Una joven de cabello castaño caminaba yendo y viniendo por los pasillos de uno de los mejores hoteles. Se notaba realmente molesta; llevaba puesto un vestido negro ajustado con demasiado escote y unos tacones rojos de punta fina.
—¡¿Podrías tomar asiento de una buena vez?! —Se quejó su hermana menor, la cual la estaba acompañando, la castaña paro en seco y le dirigió una feroz mirada.
—Ni se te ocurra darme ordenes, Beta sucia —Le recriminó con enojo. Pues no era nada del otro mundo que ella tratase a las personas de aquella manera, inclusive a su hermana.
—¡Ya deja de llamarme así! —Exclamó haciendo un puchero la beta de cabello rubio y mechas celestes.
—No te llamaría así si no vinieses a ver a mi novio —Le dijo de forma desafiante, la rubia la miró indignada. Jamás en su vida podría ver a su cuñado como "algo más" odiaba que su hermana pensara eso.
—¿Perdón?

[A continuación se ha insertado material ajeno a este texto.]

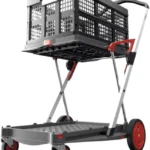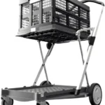 The consists of aluminium and high-quality synthetics. Just by pushing a single button it can be folded or unfolded within seconds. Folded up, it can be easily carried or stored away in a practical manner. As the upper loading area is approx. 130° foldable upwards, it allows for the transport of higher goods on the lower level.

Sabes perfectamente que papá me mandó a vigilarte, así no cometes otra estupidez o aún peor hagas un teatro por un simple capricho —.
—Ay, tranquilamente puedes decirles que estoy bien y ya —La castaña rodó los ojos como si nada le importara, sus padres no la dejaban sola ni un minuto, pues claro tenía sus justificativos para eso.

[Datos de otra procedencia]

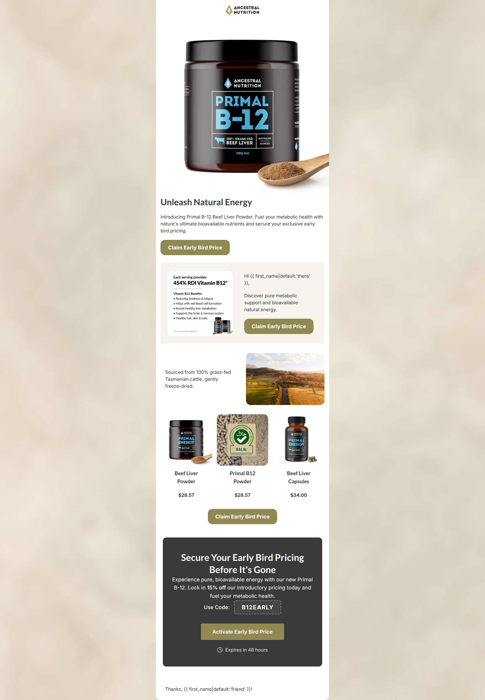 68/100This email successfully establishes a premium, earthy aesthetic that aligns well with Ancestral Nutrition’s brand identity, and it leans heavily into the right benefits (bioavailable energy, metabolic support). However, structurally, it suffers from a disjointed narrative. The email aggressively pushes an 'Early Bird Price' in multiple CTAs before actually explaining what the offer is (15% off with a code), which creates high friction and click-anxiety. Furthermore, visual inconsistencies in the product grid and awkward personalization placement drag down the overall execution. It works at a basic level but requires structural tightening to maximize conversions.

—¡Por el amor de Dios Jimin! —Gritó, odiaba que Jimin se comportara de esa manera con respecto al tema de sus padres. Era verdad que eran demasiado controladores, con ella no tanto pero con Jimin... Se pasaban. Su hermana mayor podría hacerse pasar por una joven muchísimo menor a ella.

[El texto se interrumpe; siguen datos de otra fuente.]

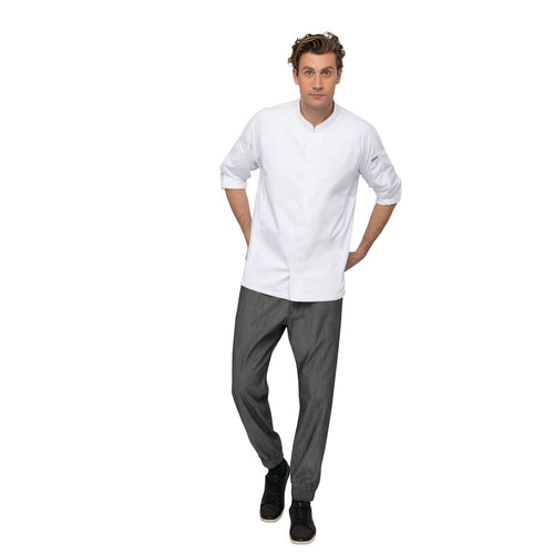 Valencia Prestige Knit Chef Coat, single-breasted, long sleeves with piping detail on seams, turn-back cuffs, concealed snap closure, contrast fabric with stretch knit and Cool Vent™ panels, side seam slits, back collar apron holder with engraved snap, left and right sleeve pockets, modern fit, 65/35 poly/cotton twill, white, S

Cuando ella se enojaba siempre terminaba con pucheros y pequeños lloriqueos, obviamente falsos. O sí no obtenía lo que quería, eso era aún peor, se volvía loca y destrozaba todo, completamente infantil. De pequeña se le dio absolutamente todo y por consecuencia de ello no acepta un NO.
—Cállate Suran, vete por ahí —Jimin hizo un ademán con su mano y se apresuró hasta llegar al ascensor, presionó el botón de planta baja, en un abrir y cerrar de ojos ya se encontraba en la recepción del Hotel para esperar la triunfante entrada de su novio.
—Maldita seas... —Gruñó la Beta frustrada. Ser la hermana menor de una Omega tan terca como lo era Jimin, le daba un dolor inmenso de cabeza.
—¡Bebeeee! —Chilló la Omega mientras se tiraba a los brazos de su Alfa, quien por cierto correspondió al abrazo.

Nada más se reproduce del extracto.